As an associate professor of transportation at Hofstra College, Charles E. Stonier, recently wrote in the April 28th issue of Public Utilities Fortnightly:

In most instances the urban transit problem has been viewed as a local issue. Our concepts of Federal participation are based almost entirely on geographical acreage rather than numbers of people involved. Yet it is well known that more than 70 percent of our population lives in urban areas and that aid to this group could hardly be considered "local" in scope. In terms of sheer numbers of potential beneficiaries, Federal aid can be substantiated.

Another way of looking at it is to consider the fact that 53 of our 180 standard metropolitan areas either cross or border on State lines.
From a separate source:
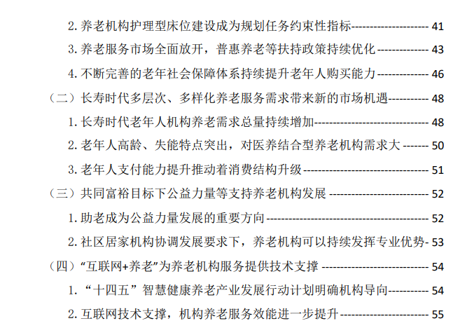 當(dāng)前,我國正處在從輕度老齡化邁進(jìn)中度老齡化的發(fā)展階段。國家衛(wèi)健委統(tǒng)計(jì)數(shù)據(jù)顯示,我國人均預(yù)期壽命由上世紀(jì)50年代初期的35歲提升到2021年的78.2歲。在長壽時(shí)代,機(jī)構(gòu)養(yǎng)老服務(wù)潛在需求規(guī)模持續(xù)擴(kuò)大,專業(yè)化、普惠化、綜合性的服務(wù)需求更加突出。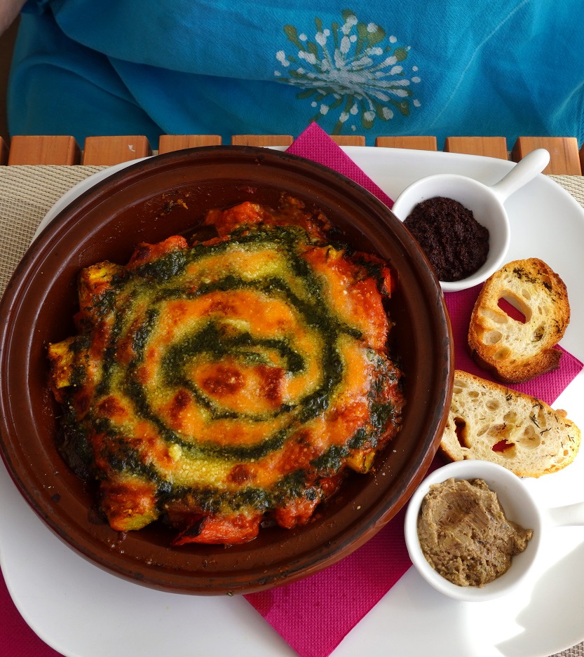 Nach einem gemütlichen Frühstück machten wir uns, begleitet von unseren Campnachbarn, zum Hafen auf. Dort bummelten wir entlang der Läden und schauten dem Treiben auf dem Wasser zu. Da es schon wieder recht warm wurde, entschieden wir uns mittags Salate zu bestellen und wir wurden nicht enttäuscht, wenn auch der überbackene Salat mit Sardellenpaste für Gudrun eine Überraschung war.

The interstate character of the urban transportation problem has obviously outstripped the capacity of local jurisdictions alone to cope with it in these areas.

Commenting on this geographical fact, the American Enterprise Association here in Washington concluded that "metropolitan transportation problems have become a national problem."

The association went on to say, in a study it has made, that "the combination of highways and high-speed rail transit is necessary to serve the need of the metropolitan areas," and added that it may be necessary to spend public funds to keep the commuter railroads in operation. The Interstate Commerce Commission came out with an even stronger statement in support of Federal aid, in its report to the chairman of the full committee on this bill.

It said:

In our opinion, the provision of adequate mass transportation facilities is essential to continued healthy growth of large metropolitan areas, and ranks equally in importance with, and bears a close relationship to, the provision of adequate housing. Considering the Federal aid which has been and is being given in the housing field, we see no reason why similar aid should not be given to mass transportation.